Wai Leung Lau et al. Biophys J. .

Abstract

The tuning of the pK(a) of ionizable residues plays a critical role in various protein functions, such as ligand-binding, catalysis, and allostery. Proteins harness the free energy of folding to position ionizable groups in highly specific environments that strongly affect their pK(a) values. To investigate the interplay among protein folding kinetics, thermodynamics, and pK(a) modulation, we introduced a pair of Asp residues at neighboring interior positions of a coiled-coil. A single Asp residue was replaced for an Asn side chain at the a-position of the coiled-coil from GCN4, which was also crosslinked at the C-terminus via a flexible disulfide bond. The thermodynamic and kinetic stability of the system was measured by circular dichroism and stopped-flow fluorescence as a function of pH and concentration of guanidine HCl.
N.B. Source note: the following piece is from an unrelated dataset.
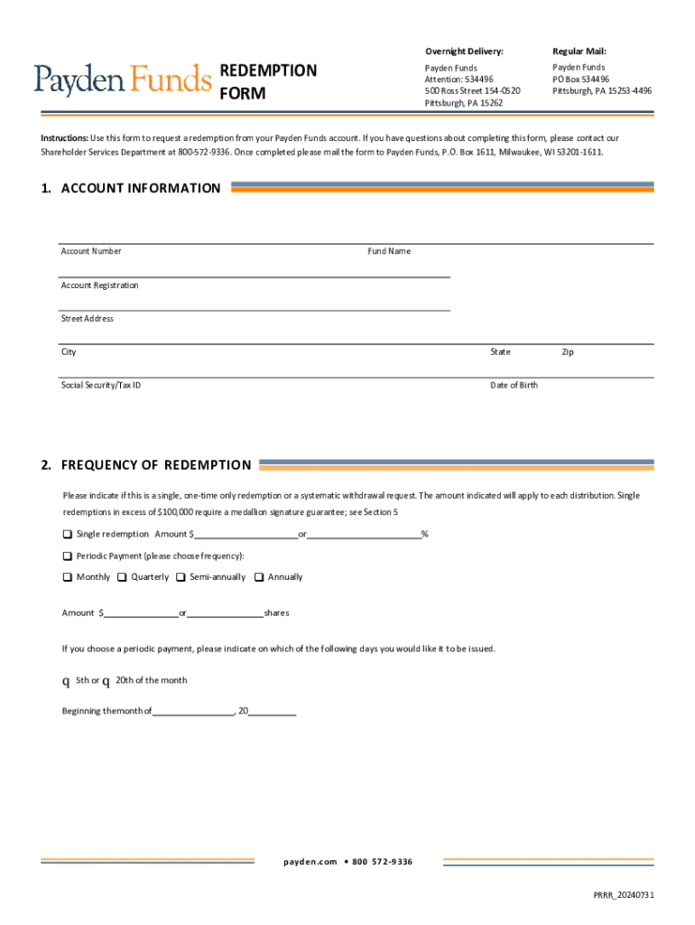 Once the Payden Funds Redemption Request is completed, there are several methods available for submission:

Both sets of data are consistent with a two-state equilibrium between fully folded and unfolded forms. Distinct pK(a) values of 6.3 and 5.35 are assigned to the first and second protonation of the Asp pair; together they represent an energetic difference of 5 kcal/mol relative to the protonation of two Asp residues with unperturbed pK(a) values. Analysis of the rate data as a function of pH and denaturant concentration allowed calculation of the kinetic constants for the conformational transitions of the peptide with the Asp residues in the doubly protonated, singly protonated, and unprotonated forms. The doubly and singly protonated forms fold rapidly, and a ϕ-value analysis shows that their contribution to folding occurs subsequent to the transition state ensemble for folding. By contrast, the doubly charged state shows a reduced rate of folding and a ϕ-value near 0.5 indicative of a repulsive interaction, and possibly also heterogeneity in the transition state ensemble.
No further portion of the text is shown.